Published 25 May 2022 in cs.CL, cs.LG, cs.SD, and eess.AS

Abstract: We introduce FLEURS, the Few-shot Learning Evaluation of Universal Representations of Speech benchmark. FLEURS is an n-way parallel speech dataset in 102 languages built on top of the machine translation FLoRes-101 benchmark, with approximately 12 hours of speech supervision per language. FLEURS can be used for a variety of speech tasks, including Automatic Speech Recognition (ASR), Speech Language Identification (Speech LangID), Translation and Retrieval. In this paper, we provide baselines for the tasks based on multilingual pre-trained models like mSLAM. The goal of FLEURS is to enable speech technology in more languages and catalyze research in low-resource speech understanding.

Overview of FLEURS: Few-shot Learning Evaluation of Universal Representations of Speech

The paper introduces FLEURS, an innovative benchmark dataset aimed at evaluating universal representations of speech through few-shot learning across a comprehensive array of languages. The dataset is a significant extension of the machine translation benchmark FLoRes-101 and comprises n-way parallel speech data in 102 languages. This benchmark is important for advancing multilingual speech technology, especially in under-resourced languages.

Key Features and Contributions

  1. Dataset Composition: FLEURS includes approximately 12 hours of labeled speech data per language. The data consists of natural spoken utterances derived from Wikipedia sentences, which are n-way parallel, meaning each sentence is provided in multiple languages by native speakers. This structure ensures that the dataset provides robust support for evaluating a wide array of speech processing tasks.
  2. Task Variety: The dataset is designed for a range of tasks including Automatic Speech Recognition (ASR), Speech Language Identification (Speech LangID), speech translation, and cross-modal retrieval tasks (such as Speech-to-Text and Text-to-Speech Retrieval). The breadth of tasks underscores the dataset's versatility and its potential in evaluating speech models in low-resource contexts.
  3. Evaluation and Baseline Models: Researchers provided baseline results utilizing state-of-the-art multilingual pretrained models such as mSLAM and w2v-BERT, covering ASR, Speech LangID, and retrieval. They emphasize the importance of pretraining on diverse data sources to improve few-shot learning across our extensive language set.
  4. Diversity in Language Coverage: Covering 102 languages from 17 family groups with 27 writing systems, FLEURS is notable for its linguistic and orthographic diversity. This linguistic breadth, encompassing languages from various geographic regions, presents unique challenges and opportunities for speech technology development.
  5. Seen vs.
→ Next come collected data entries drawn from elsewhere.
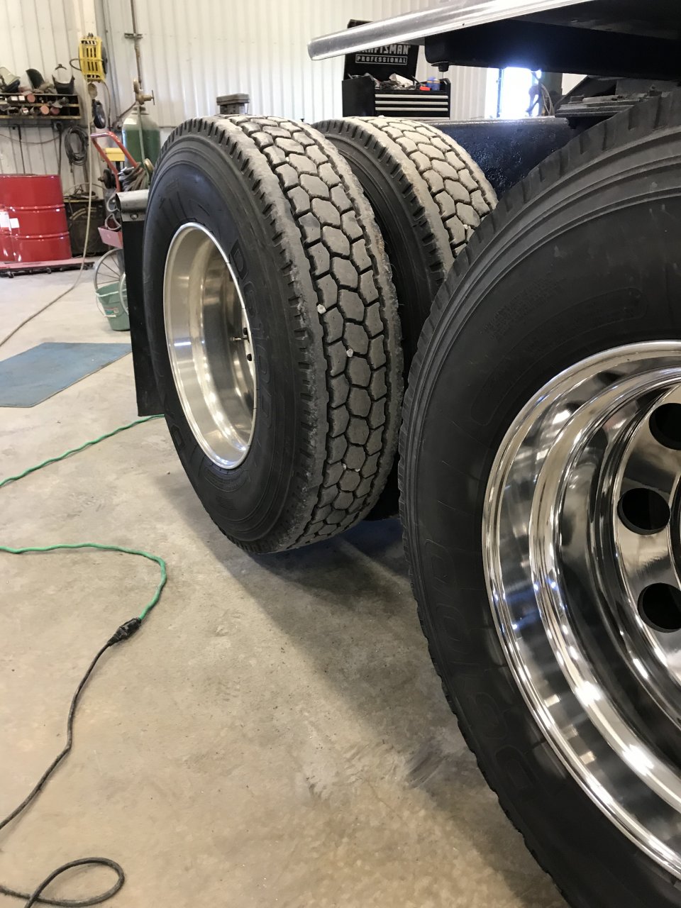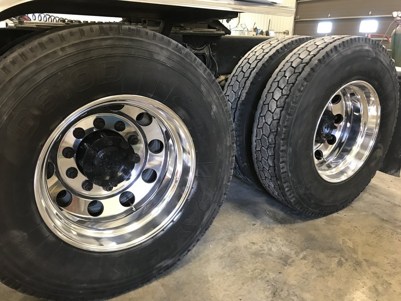 Got the rears all x rotated and polished. Top pick front had some polish rear not touched. Bottom pic is all finished up. I finished last week with a load on so I got to deliver in the morning then back here to continue polishing.![]()
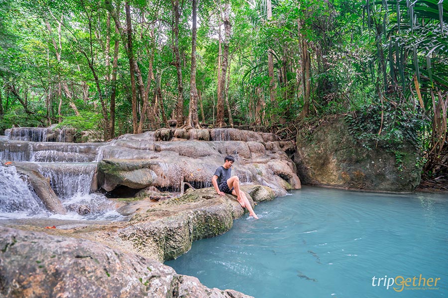 น้ำตกเอราวัณ น้ำตกที่ตั้งอยู่ในพื้นที่ของอุทยานแห่งชาติเอราวัณ น้ำตกชื่อดังของกาญจนบุรีที่มีความสวยงามและโดดเด่นของสีน้ำ ที่ออกเป็นสีฟ้าใส สามารถมองเห็นหมู่ปลา และพื้นน้ำเบื้องล่าง โดยมีทั้งหมด 7 ชั้น ได้แก่ ไหลคืนรัง, วังมัจฉา, ผาน้ำตก, อกผีเสื้อ, เบื่อไม่ลง, ดงพฤกษา และภูผาเอราวัณ ซึ่งสามารถลงแช่น้ำใสๆ เย็นๆ ได้แบบสบายใจ นอกจากนี้ยังมีกิจกรรมศึกษาเส้นทางธรรมชาติอีกด้วย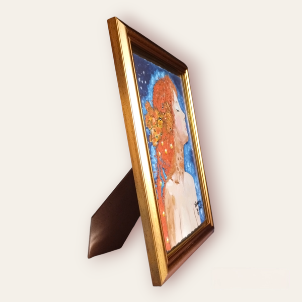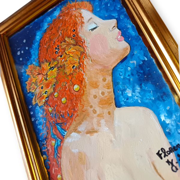 La jeune femme, auréolée de feuilles dorées et de lumière, semble se fondre dans un univers onirique où la nature et les songes ne font plus qu’un.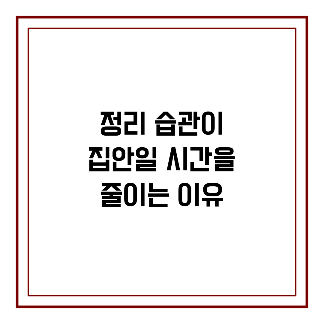 정리 습관은 집을 깨끗하게 유지하는 것뿐 아니라 집안일 시간을 줄이는 데도 큰 도움이 됩니다. 정리 습관이 집 관리에 어떤 변화를 만드는지 설명합니다.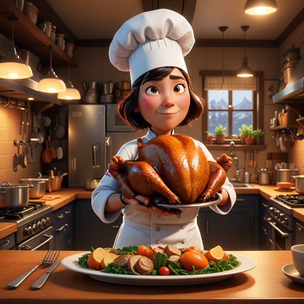 This image shows a cartoon chef, reminiscent of classic animated characters, proudly presenting a perfectly cooked turkey in a warm and inviting kitchen. The scene is rendered in the signature style of Pixar, with rich colors and dynamic composition.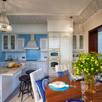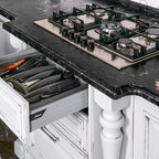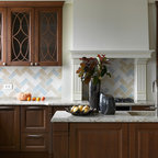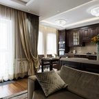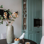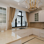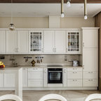 Klassische Küche in L-Form mit Landhausspüle, Schrankfronten mit vertiefter Füllung, weißen Schränken und Küchenrückwand in Grau in Moskau — Houzz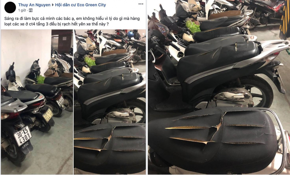 Vào khoảng thời gian trên, lực lượng an ninh của khu chung cư Eco Green City đi tuần tại tầng 3 của tòa nhà CT4 thì phát hiện một số xe máy bị rách nhiều vết trên yên xe.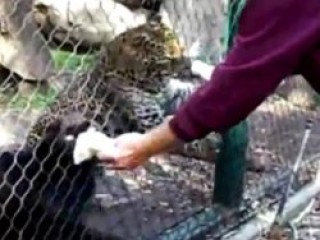 Fareleri yedirirken pençesini adamın eline geçiren leopar, az kalsın elini kopartacaktı.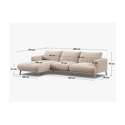 Colțar bej cu tapițerie din catifea (cu colț pe partea dreaptă/cu șezlong) Naomi – Micadoni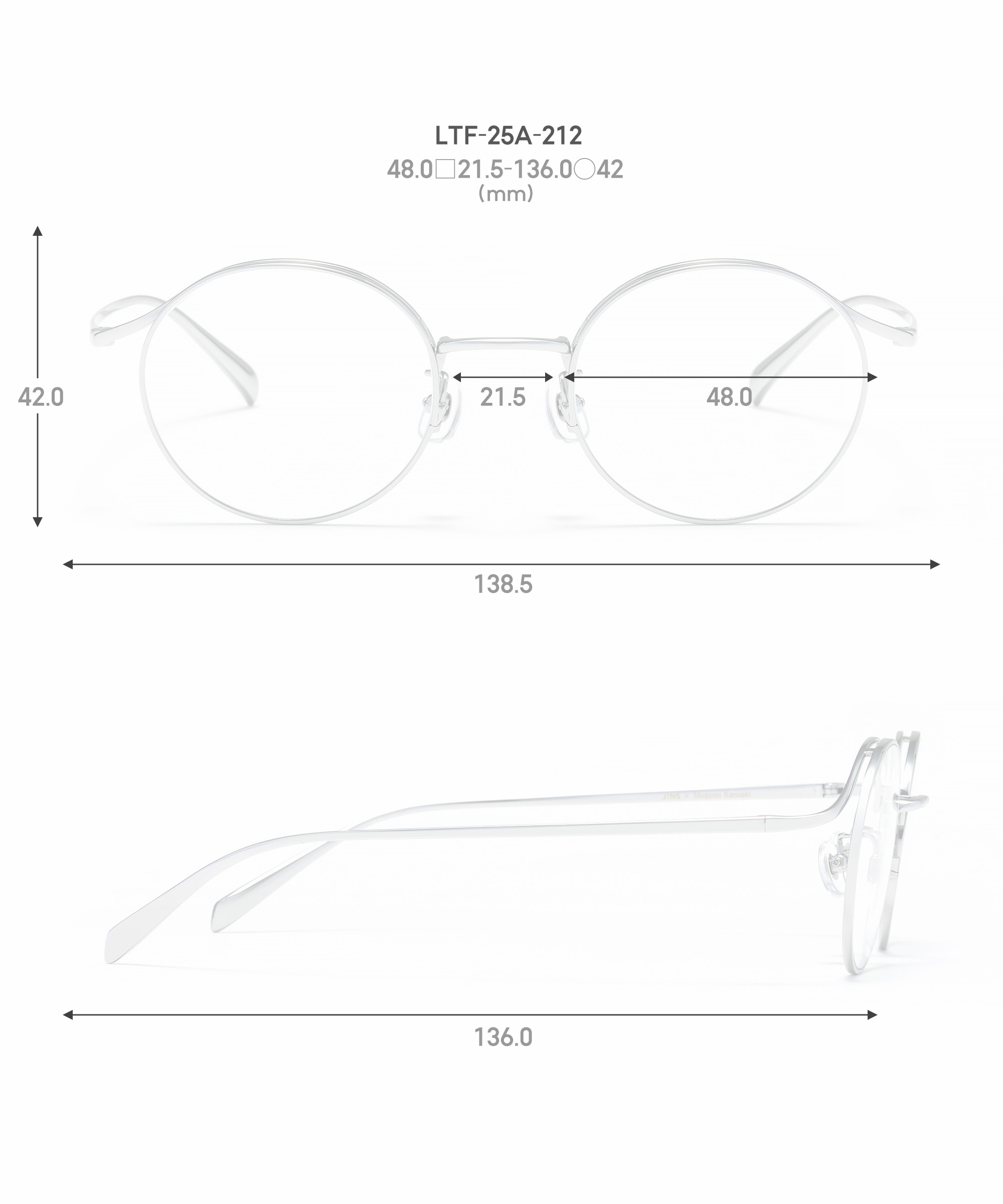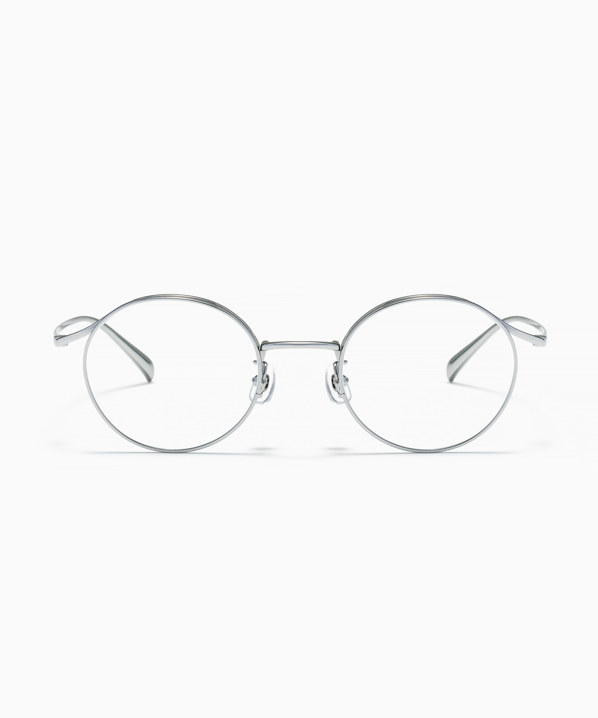 チタン素材で光を集め、顔全体をトーンアップするラウンドフレーム。

Unseen Languages: Within the dataset, languages are categorized as "seen" or "unseen" based on their occurrence in pretraining datasets used by the baseline models. This classification allows researchers to assess the generalizability of models to completely novel languages, providing a richer understanding of model performance in real-world conditions.

Numerical Results and Observations

  • Character Error Rate (CER) in ASR: The baseline results exhibit differential performance across language groups, with better ASR performance observed in Western Eastern European languages compared to Sub-Saharan African and South Asian languages. This discrepancy signals the need for more balanced pretraining datasets across different linguistic groups.
  • Speech LangID: The accuracy rates vary widely among language groups, reflecting the complexity of distinguishing languages within regions characterized by high linguistic diversity. CJK languages offer the highest LangID accuracy, followed by Western and Eastern European languages, highlighting the performance gap for underrepresented language groups.
  • Cross-modal Retrieval: The Speech-to-Text and Text-to-Speech retrieval P@1 scores are particularly low for CJK languages, pinpointing the need for improved tokenization strategies and greater integration of multimodal data in pretraining pipelines.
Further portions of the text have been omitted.